What do to? What to do?


“What’s your choice?” She prompted, and that’s when it snapped.


I don’t think I ever would have done this if I had not been in a silly, mood. But my eyes landed on the Heavenly Hash, and it began.


“Heavenly Hash!” I said, my arms shooting into the air. “Hallaluah! Yes indeed, Heavenly Hash!” My voice was raising and I was trying not to laugh. My mother shot me a look that said, ‘Really?’ And in response, I dropped instantly to my knees before the cart and case. “It came to me in a dream! It did, I say. Heavenly Hash!” I wailed and then collapsed in a fit of giggles as people started to round the isle and I noticed some of the customers and employees taking a step back to see the performance.


“Okay, get up and put it in the cart.” My mother said, eyes rolling, but laughing too. I did, but something had changed. I was no longer shy. It didn’t even bother me a week or so later when my mother reported that the store clerk had asked if her daughter was okay.

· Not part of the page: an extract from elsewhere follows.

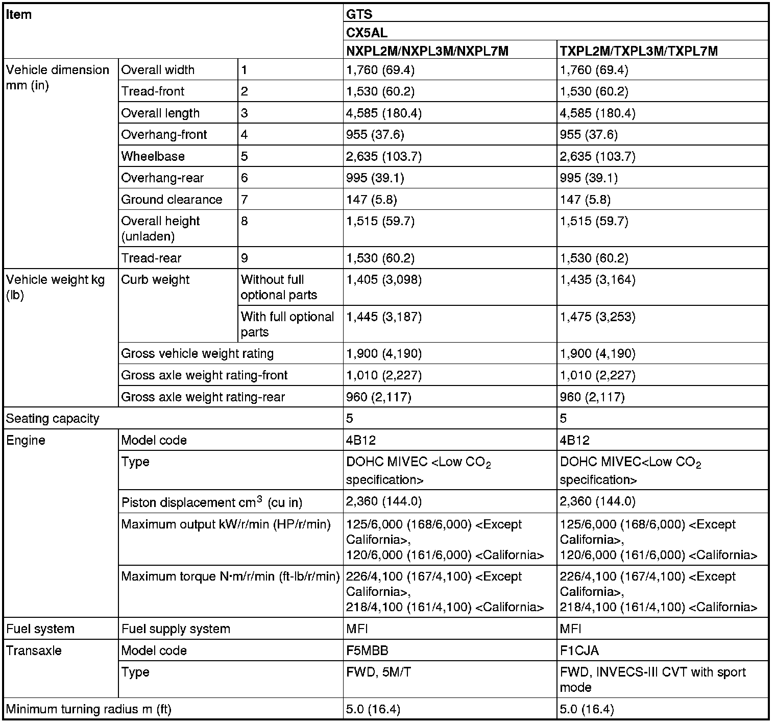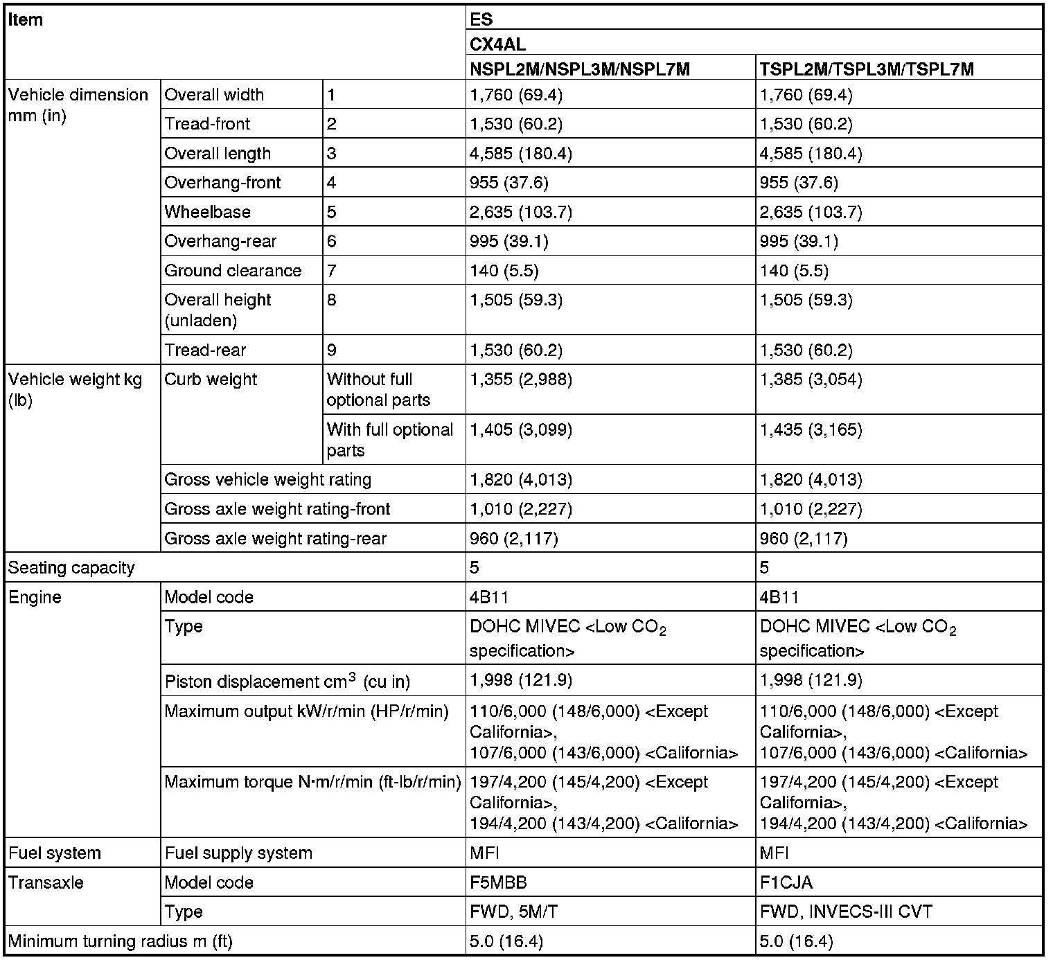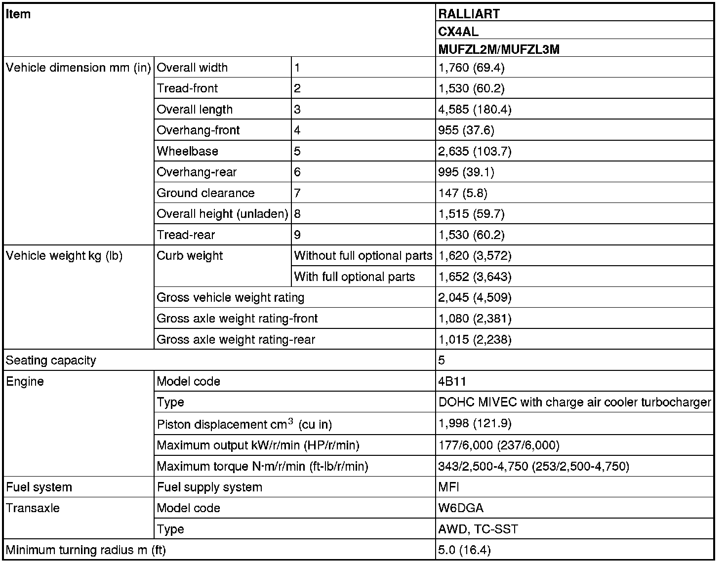 GENERAL DATA AND SPECIFICATIONS [LANCER SPORTBACK]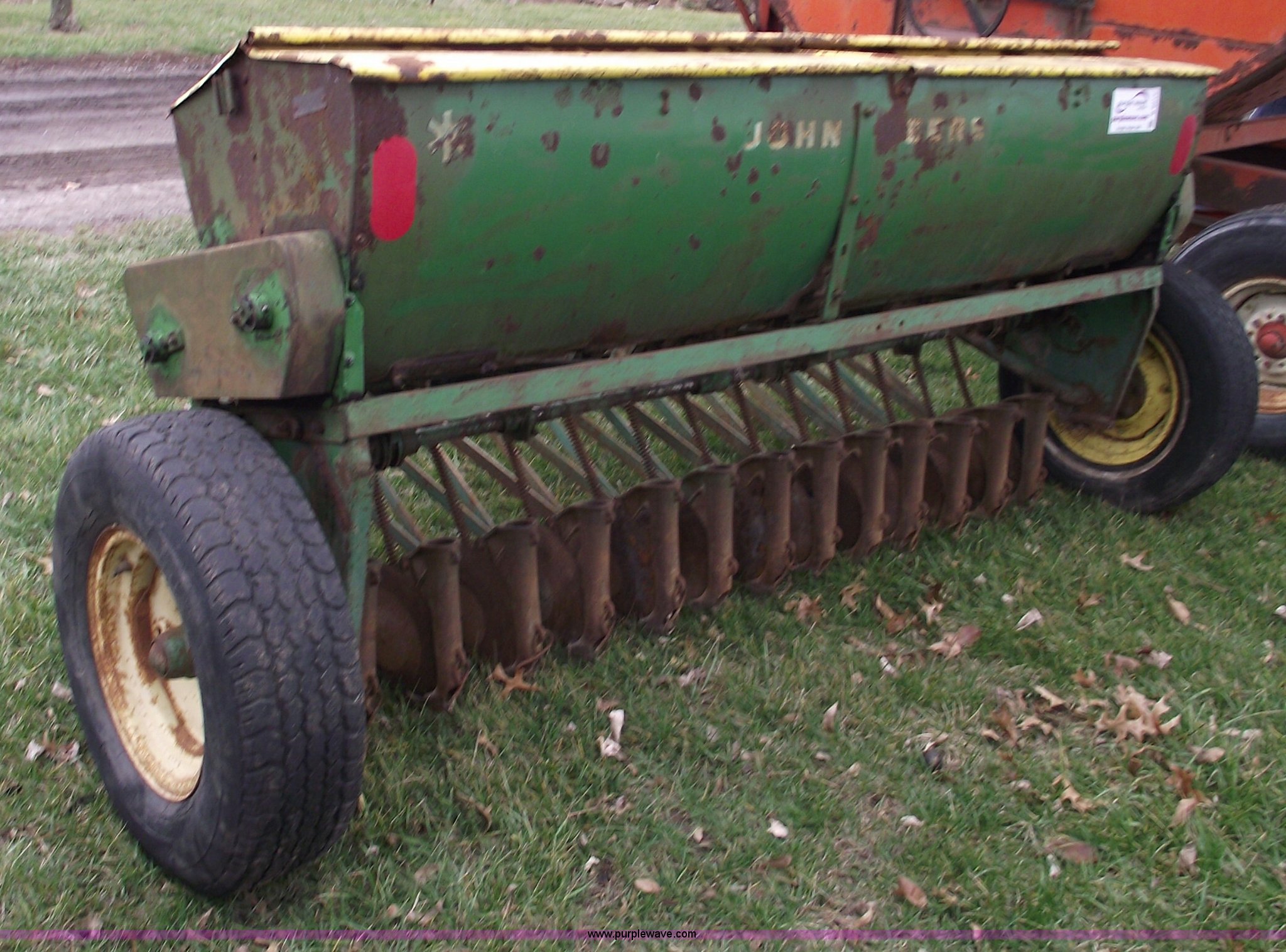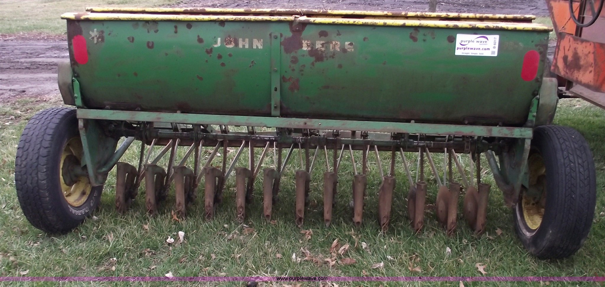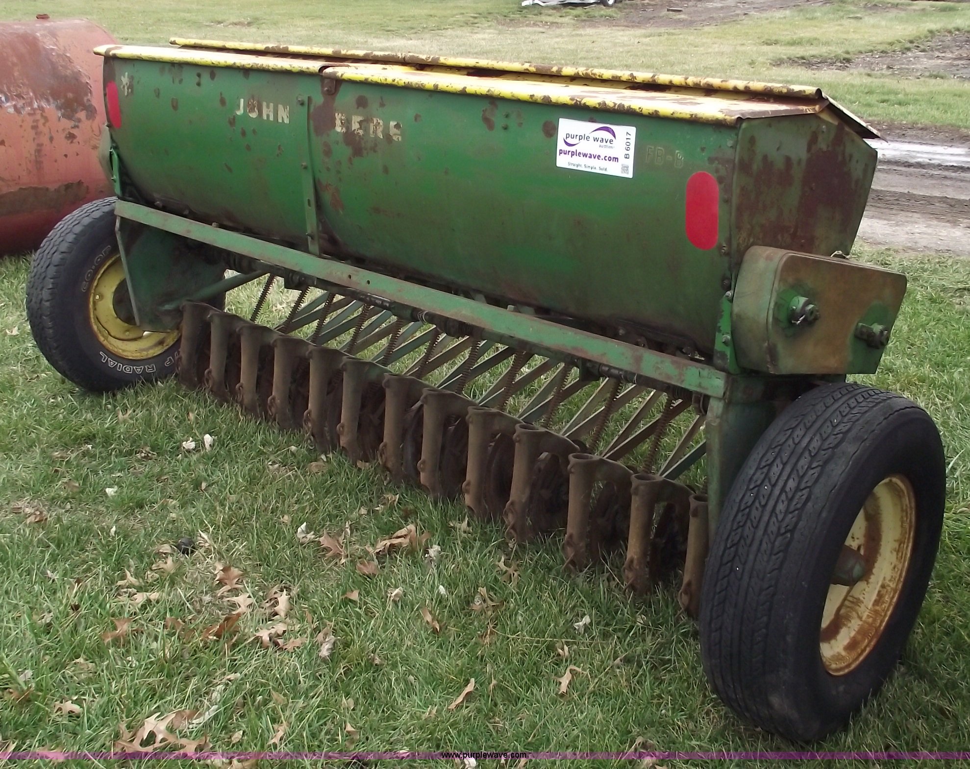 Purple Wave is selling a used Grain Drill or Seeder in Missouri. This item is a John Deere FB-8 drill with the following: 8' planting width, Pin hitch, LR78-15LT tires, Missing funnels

Wednesday, December 1, 2010

nanowritmo / postscript what next?






Sounds of Silence / Simon & Garfunkel











As a Nanowritmo project, I didn't make it - if you have read this November tale, its just over 27000 words.  Still...   not bad, I don't think.

And not bad that we are on Dec 1st and this blog is still blogging along.  This will be post 177 or 178... I forget.  No wonder I'm tired....

The real question is where to do now....Having spent the last month writing on one set thing,  has been good.  Now that that's done, I am back to being lost in a sea of blank paper... or rather blank computer screen.  I shall need to think on this for the next 24.